The next morning, I was tired, I felt pretty defeated, but this wasn’t the first job rejected I had had. So, I knew I needed to do my best to shake it off as I could probably go on and on and replay the interview over and over in my head until I had made up something that was so far from the truth.
I reminded myself that maybe they were looking for someone with experience in a certain industry, function, or region that I didn’t have.
Maybe they liked the other candidate’s writing style, thought process, or approach to the role a little more.
In sports, there are winners and losers, the lines are usually pretty clear. In the talent market, not so much.
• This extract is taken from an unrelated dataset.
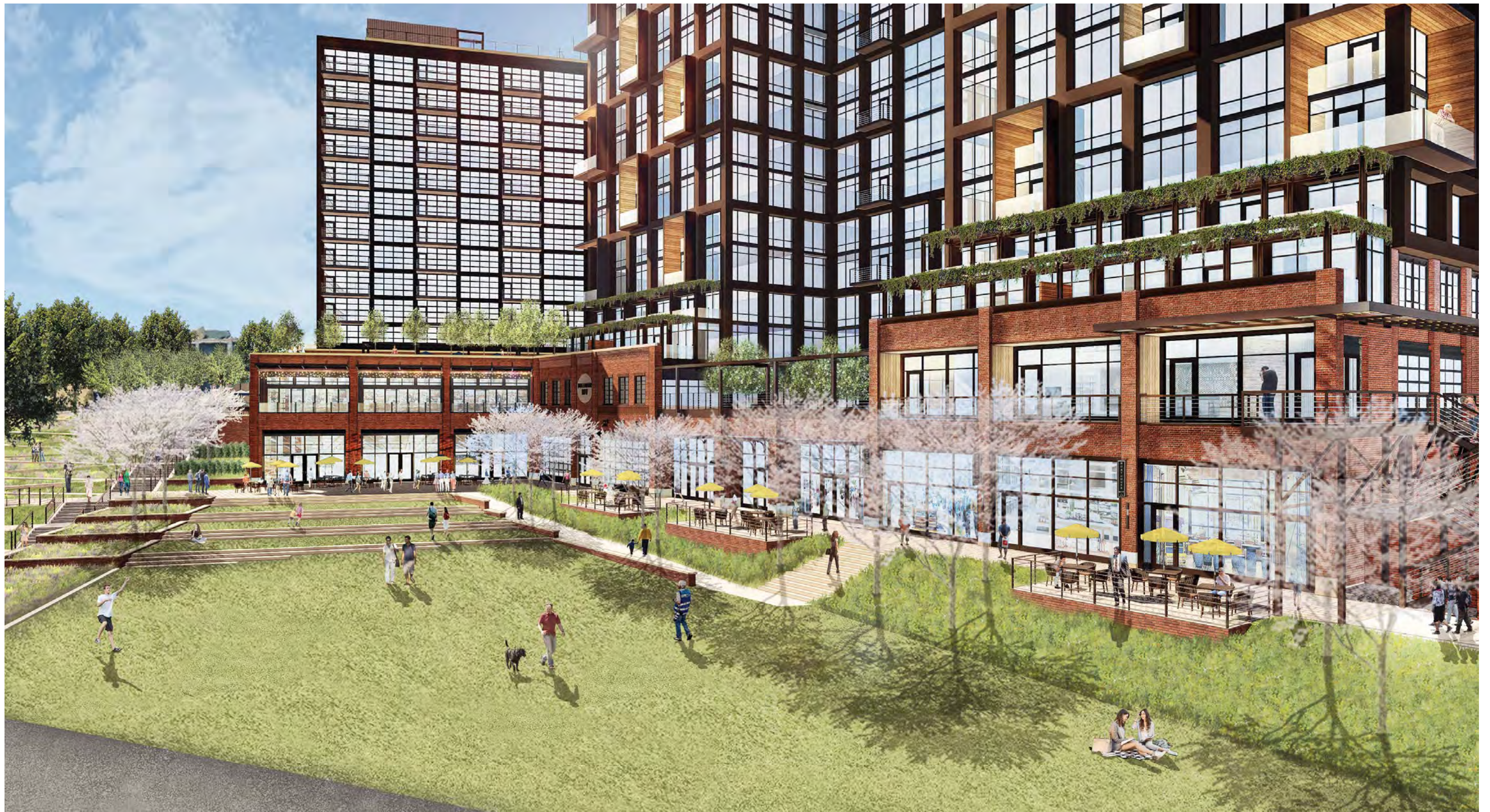
1 VIEW OF LOWER RETAIL PLAZA AND GREAT LAWN SCALE: NOT TO SCALE

Am I a loser because I didn’t get the job? Who knows? Maybe the job would have been horrible, maybe the person who would have sat next to me only ate tuna or egg sandwiches. Who really knows?
When I didn’t or, when you don’t get a job you think you want, the job you think is the perfect fit, you have to trust in a higher power – God or Mother Nature, the Universe or the laws of physics – and, most importantly, you have to trust yourself.
We are programmed to think that when we lose out on something, it’s bad. We think we failed. We forget that if our path were just an endless series of wins, we would never learn anything. We would never appreciate anything, either. We would never reflect. Maybe you won this round, but you don’t know it yet!
The right job is going to show up. If you beat yourself up every time you don’t get a job you interviewed for, you will drive yourself crazy. There is a saying that goes, “If you live by people’s compliments, you will die by their criticism.” Rise up, and don’t be too hard on yourself when a job opportunity goes south.